[Dataset excerpt]

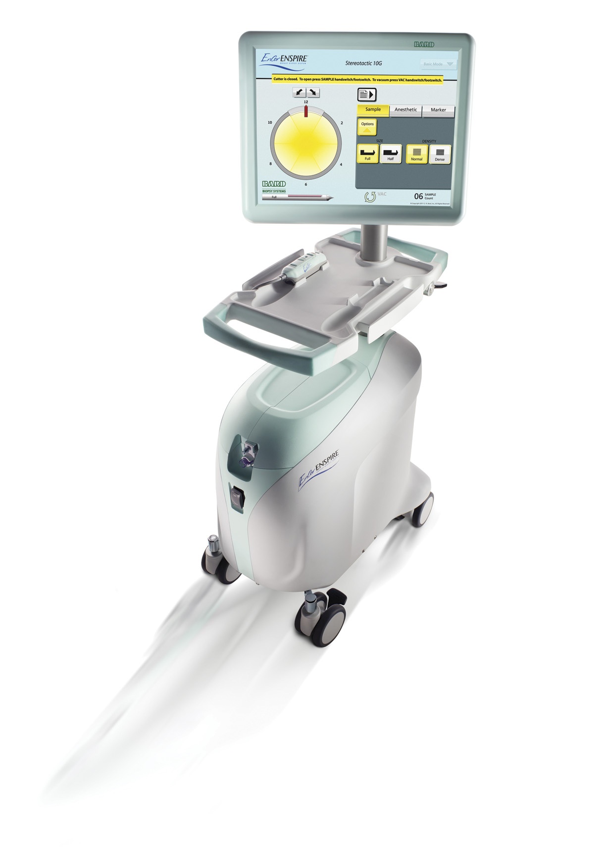 Sistema inteligente de biópsia mamária a vácuo com interface touchscreen e foco em eficiência e conforto.
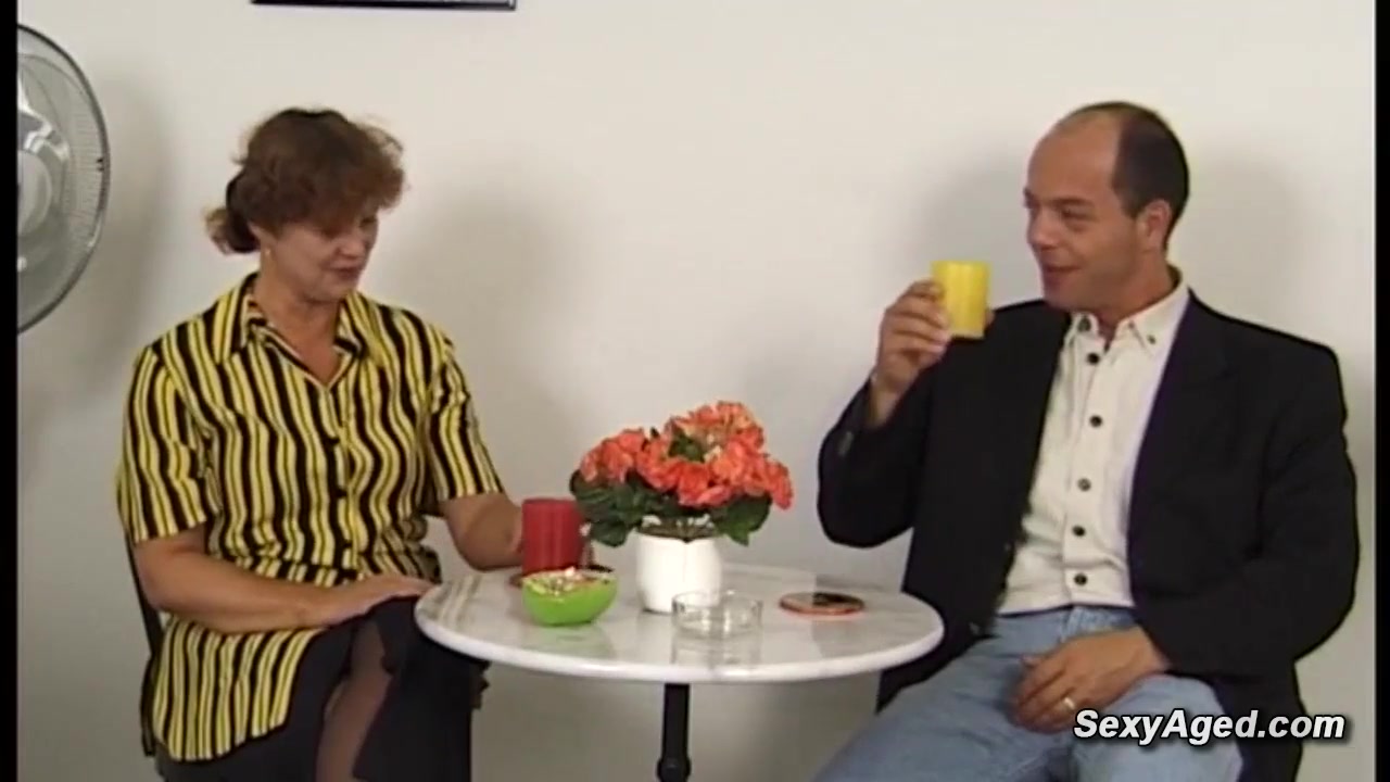 Busty amateur German mature lady Beatta jerking big dick to balding guy Gustavo Meunier while he toying her hairy pussy then he fucks her
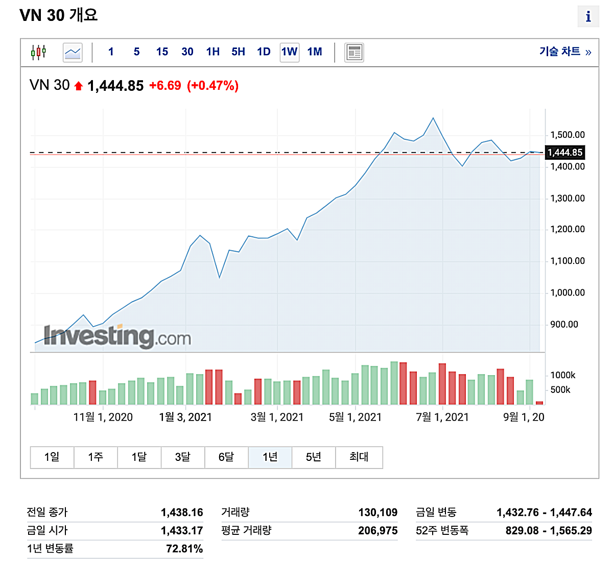 앞의 2개의 베트남 ETF 모두 VN30지수를 벤치마크 지수로 합니다. VN30은 베트남의 주식시장 대표지수로 우리나라의 코스피 200과 같은 개념으로 볼 수 있겠습니다.

[/Dataset excerpt]

Set out exactly, and only, the lines between the first line of the listing and the line containing "Busty amateur German", counting both, while leaving every picture out.

 Sistema inteligente de biópsia mamária a vácuo com interface touchscreen e foco em eficiência e conforto.
 Busty amateur German mature lady Beatta jerking big dick to balding guy Gustavo Meunier while he toying her hairy pussy then he fucks her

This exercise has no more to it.